* [EXERCISE]
Beginning with the line containing "- Конструкція оснащена" and ending with the line containing "Multi hike helps", write out each line of the records below exactly; pictures and lines outside that range are left out.
───── INFORMATION SHOWN
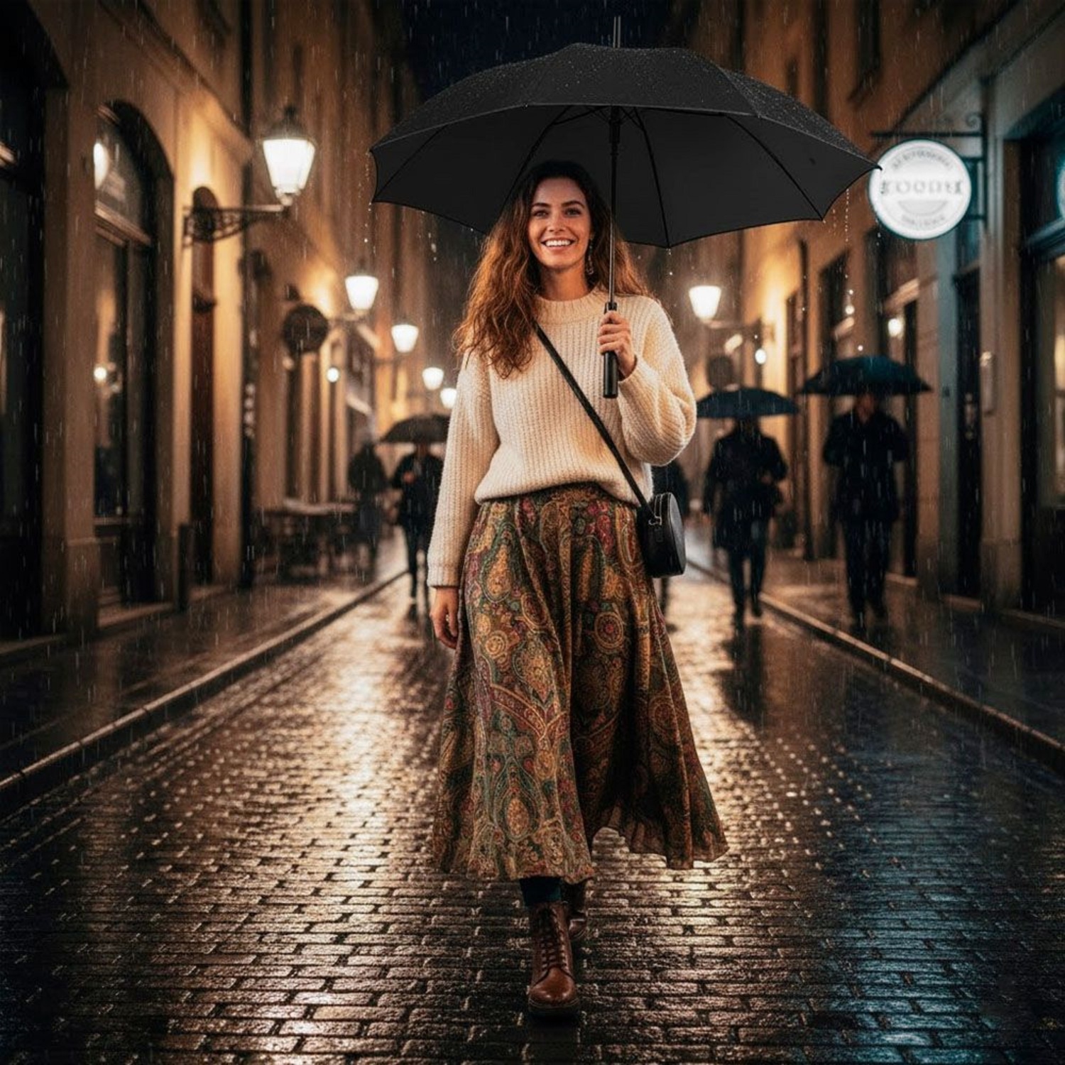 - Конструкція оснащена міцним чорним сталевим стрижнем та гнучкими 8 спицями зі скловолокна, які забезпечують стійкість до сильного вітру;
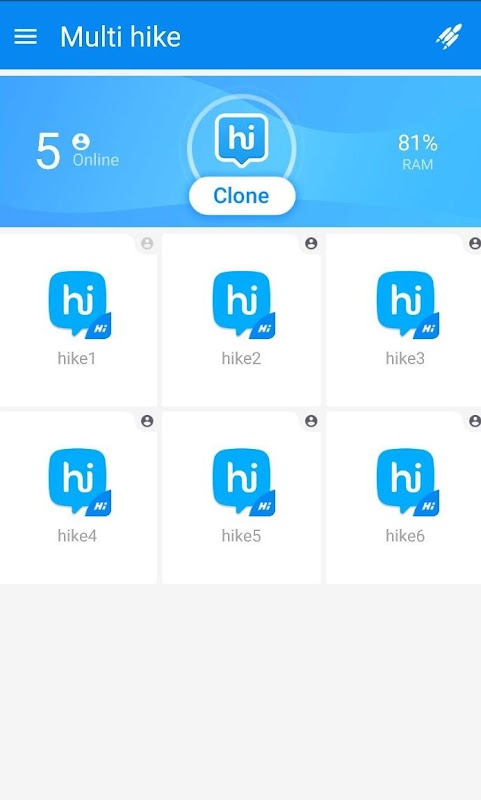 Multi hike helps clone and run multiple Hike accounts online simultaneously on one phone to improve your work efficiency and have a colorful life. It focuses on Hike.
──────────
───── INFORMATION SHOWN
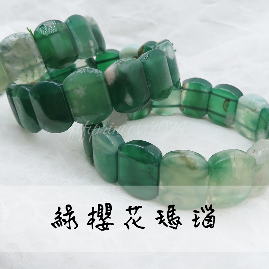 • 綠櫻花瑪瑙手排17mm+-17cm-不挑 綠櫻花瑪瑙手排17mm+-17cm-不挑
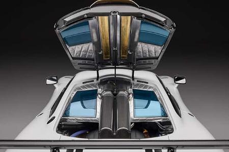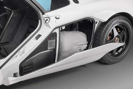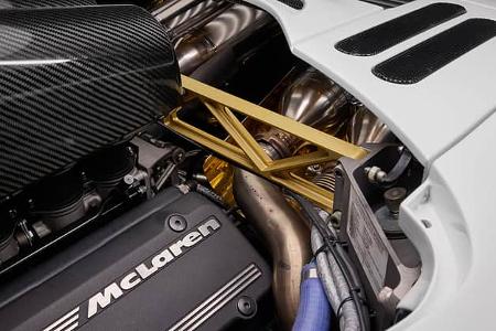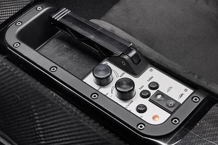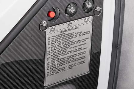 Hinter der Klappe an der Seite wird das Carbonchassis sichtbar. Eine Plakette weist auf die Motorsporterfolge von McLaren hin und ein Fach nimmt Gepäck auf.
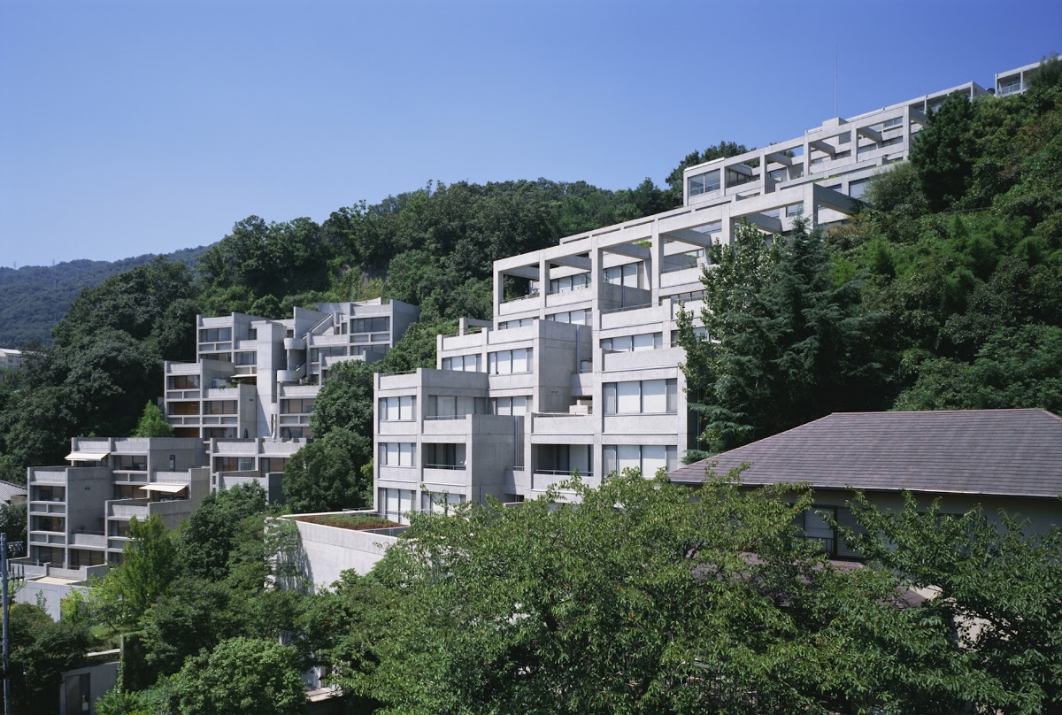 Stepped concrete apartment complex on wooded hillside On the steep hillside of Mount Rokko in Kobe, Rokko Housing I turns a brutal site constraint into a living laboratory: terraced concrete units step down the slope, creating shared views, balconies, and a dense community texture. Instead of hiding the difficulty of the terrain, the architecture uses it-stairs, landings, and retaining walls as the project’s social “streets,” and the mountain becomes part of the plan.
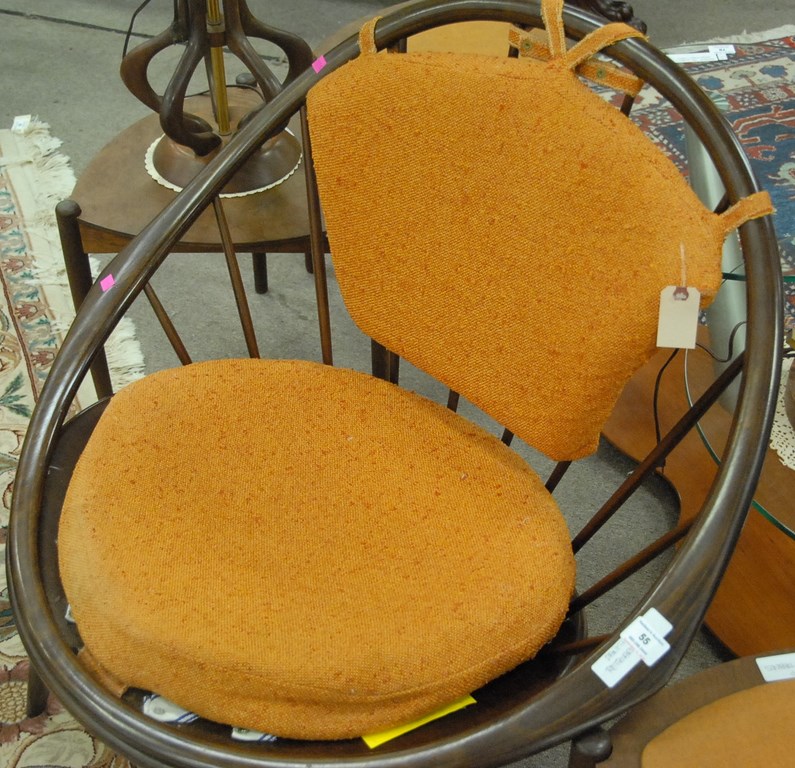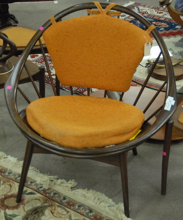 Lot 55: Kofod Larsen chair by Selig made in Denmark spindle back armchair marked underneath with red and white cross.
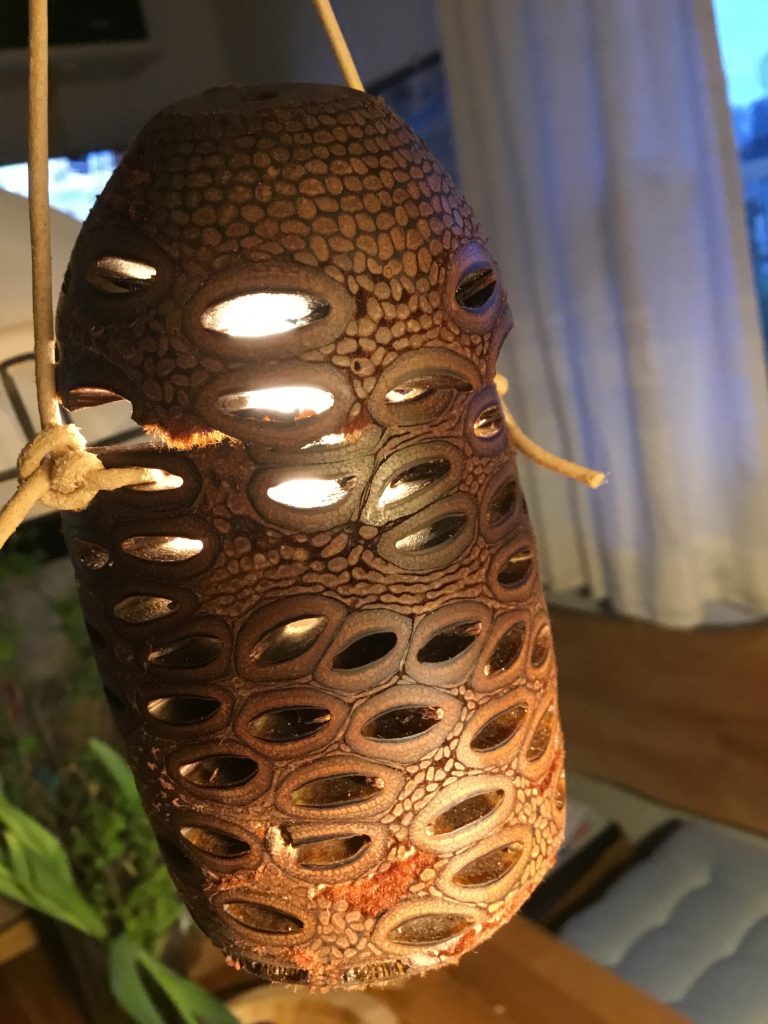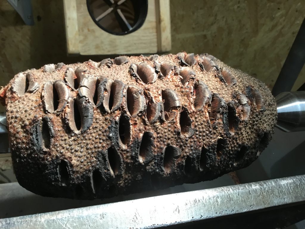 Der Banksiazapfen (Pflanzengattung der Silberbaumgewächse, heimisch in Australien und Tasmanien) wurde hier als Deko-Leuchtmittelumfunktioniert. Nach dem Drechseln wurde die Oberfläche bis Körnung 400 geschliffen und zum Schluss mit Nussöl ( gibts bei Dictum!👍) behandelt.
──────────
───── INFORMATION SHOWN
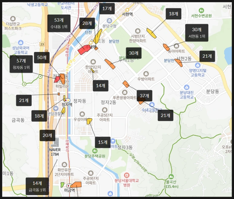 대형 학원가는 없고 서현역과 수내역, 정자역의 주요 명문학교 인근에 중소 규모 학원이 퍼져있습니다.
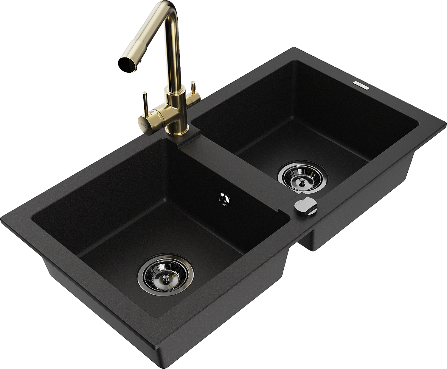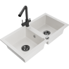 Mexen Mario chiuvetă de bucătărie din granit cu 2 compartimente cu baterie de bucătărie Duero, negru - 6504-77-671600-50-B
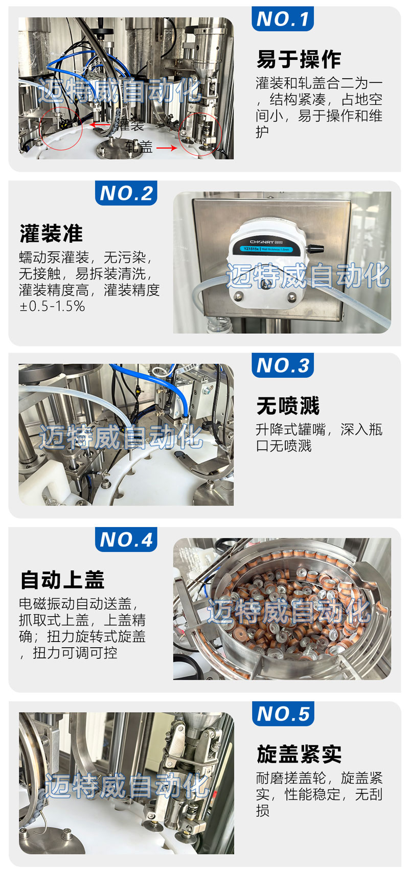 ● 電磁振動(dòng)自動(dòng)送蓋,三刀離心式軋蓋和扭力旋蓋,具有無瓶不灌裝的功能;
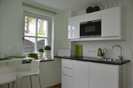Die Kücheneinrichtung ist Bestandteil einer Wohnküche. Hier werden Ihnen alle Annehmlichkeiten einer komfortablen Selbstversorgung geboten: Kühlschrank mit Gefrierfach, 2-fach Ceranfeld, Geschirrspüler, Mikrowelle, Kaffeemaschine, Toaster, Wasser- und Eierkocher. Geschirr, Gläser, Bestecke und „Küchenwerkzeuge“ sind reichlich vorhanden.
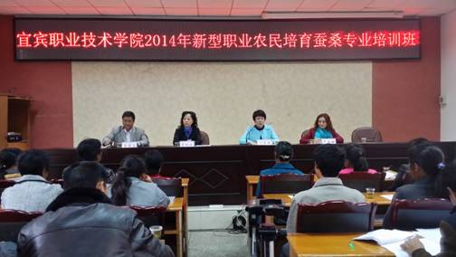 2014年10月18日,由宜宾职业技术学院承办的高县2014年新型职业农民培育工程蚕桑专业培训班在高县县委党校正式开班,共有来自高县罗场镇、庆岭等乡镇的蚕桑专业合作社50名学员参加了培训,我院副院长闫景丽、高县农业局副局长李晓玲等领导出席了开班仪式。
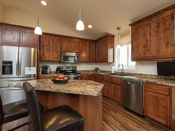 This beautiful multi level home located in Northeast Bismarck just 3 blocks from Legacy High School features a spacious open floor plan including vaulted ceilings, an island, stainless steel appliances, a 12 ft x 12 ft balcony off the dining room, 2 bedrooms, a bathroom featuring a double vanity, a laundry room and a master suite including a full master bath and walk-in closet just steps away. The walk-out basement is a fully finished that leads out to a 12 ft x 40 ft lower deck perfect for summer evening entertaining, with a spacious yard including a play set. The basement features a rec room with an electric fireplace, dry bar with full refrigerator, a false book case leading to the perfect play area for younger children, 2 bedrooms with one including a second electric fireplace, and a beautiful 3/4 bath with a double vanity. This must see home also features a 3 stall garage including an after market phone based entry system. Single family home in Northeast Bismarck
──────────
* [EXERCISE OUTPUT]
 - Конструкція оснащена міцним чорним сталевим стрижнем та гнучкими 8 спицями зі скловолокна, які забезпечують стійкість до сильного вітру;
 Multi hike helps clone and run multiple Hike accounts online simultaneously on one phone to improve your work efficiency and have a colorful life. It focuses on Hike.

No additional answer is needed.